Derivative of a quadratic form where the vector is exponentiated

Question

$\newcommand{\vx}{\mathbf{x}}$ While solving a certain problem, I bumped into the following Lagrangian. $$ \mathcal{L}(\vx, \lambda) = \frac{(e^\vx) ^\top A e^\vx}{(e^\vx)^\top B e^\vx} - \lambda ((e^\vx)^\top \mathbf{1} - 1) $$ Here $\vx\in\mathbb{R}^d$, and $e^\vx$ means that we exponentiate each of its elements. $\lambda$ is the Lagrange multiplier for the condition that the elements of $e^\vx$ sum up to one.

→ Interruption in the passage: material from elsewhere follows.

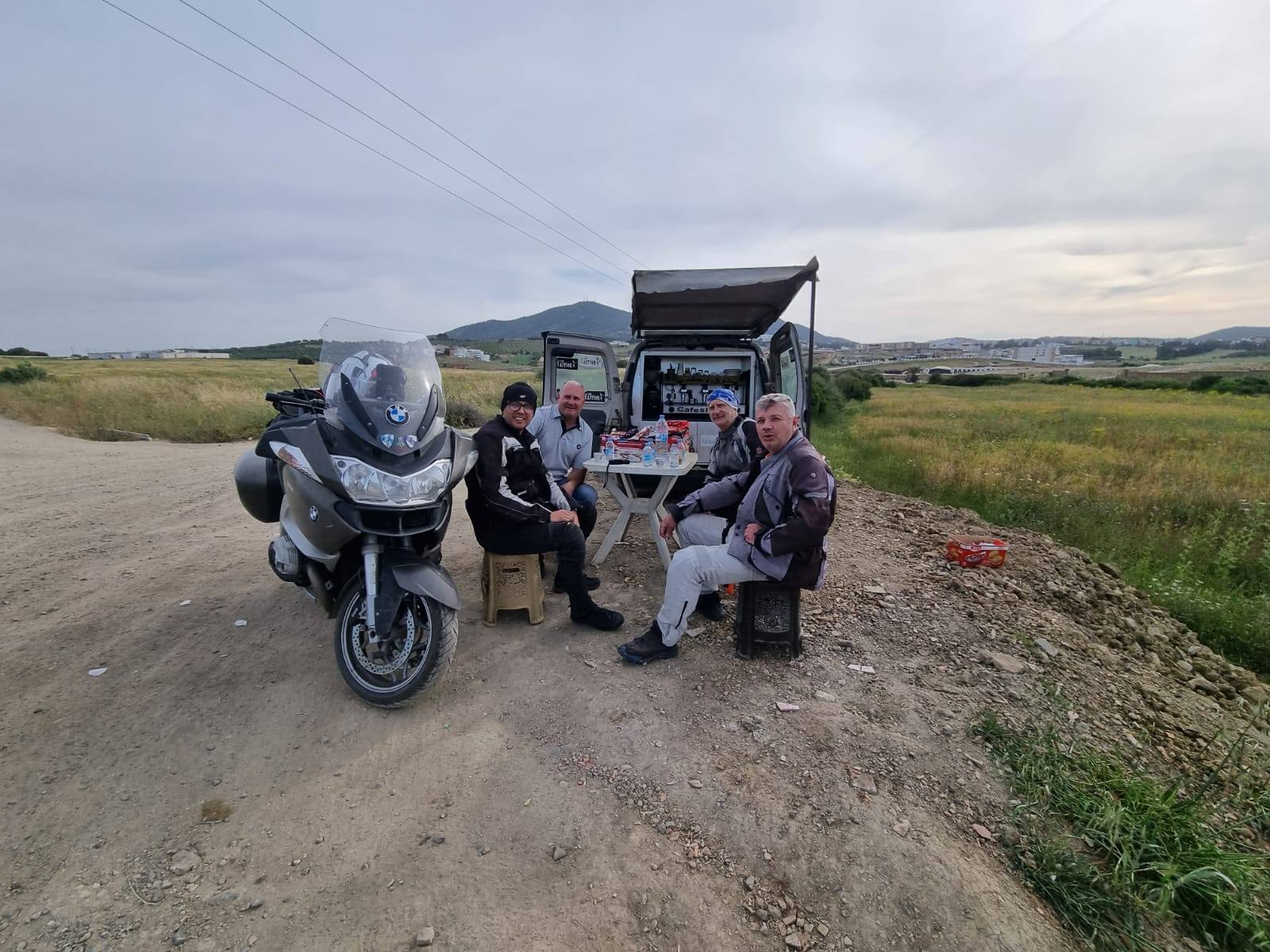 Putovanje je počelo ispraćajem prijatelja i nervozom zbog neodobrenih viza za Mauritaniju i Senegal. Prvi dan prošli su 847 km do Genove. Tamo ih je dočekala italijanska gužva, premaleni smještaj i razočaravajuća pica – ali i ogromna želja. U luci Genova ukrcali su se na trajekt. Sljedeća destinacija: Tanger, Maroko. 53 sata plovidbe s još 400 bajkera, kabine bez prozora i valovi koji ljuljaju san – to je Mediteran iz moto-perspektive.

I would like to solve the optimization problem and I am therefore interested in $\nabla_\vx \mathcal{L}(\vx, \lambda)$.

Attempt at the derivative

I have never bumped into a problem like this, so I am unsure how to take derivatives properly.

$$ \begin{align} \nabla_\vx \left[(e^\vx) ^\top A e^\vx\right] &= (e^\vx \mathrm{I})(2 A e^\vx) = 2(e^\vx)^\top Ae^\vx \\ \nabla_\vx\left[(e^\vx) ^\top B e^\vx\right] &= 2 (e^\vx)^\top B e^\vx \end{align} $$ which would give $$ \nabla_\vx \mathcal{L}(\vx, \lambda) = \frac{2((e^\vx)^\top A e^\vx)((e^\vx)^\top B e^\vx) - 2((e^\vx)^\top B e^\vx)((e^\vx)^\top A e^\vx)}{4 ((e^\vx)^\top B e^\vx)^2} - \lambda e^\vx = -\lambda e^\vx $$ but surely this is incorrect

Answer 1

$\newcommand{\vx}{\mathbf{x}}$ I think the problem arises with how you compute $\nabla_\vx e^\vx$.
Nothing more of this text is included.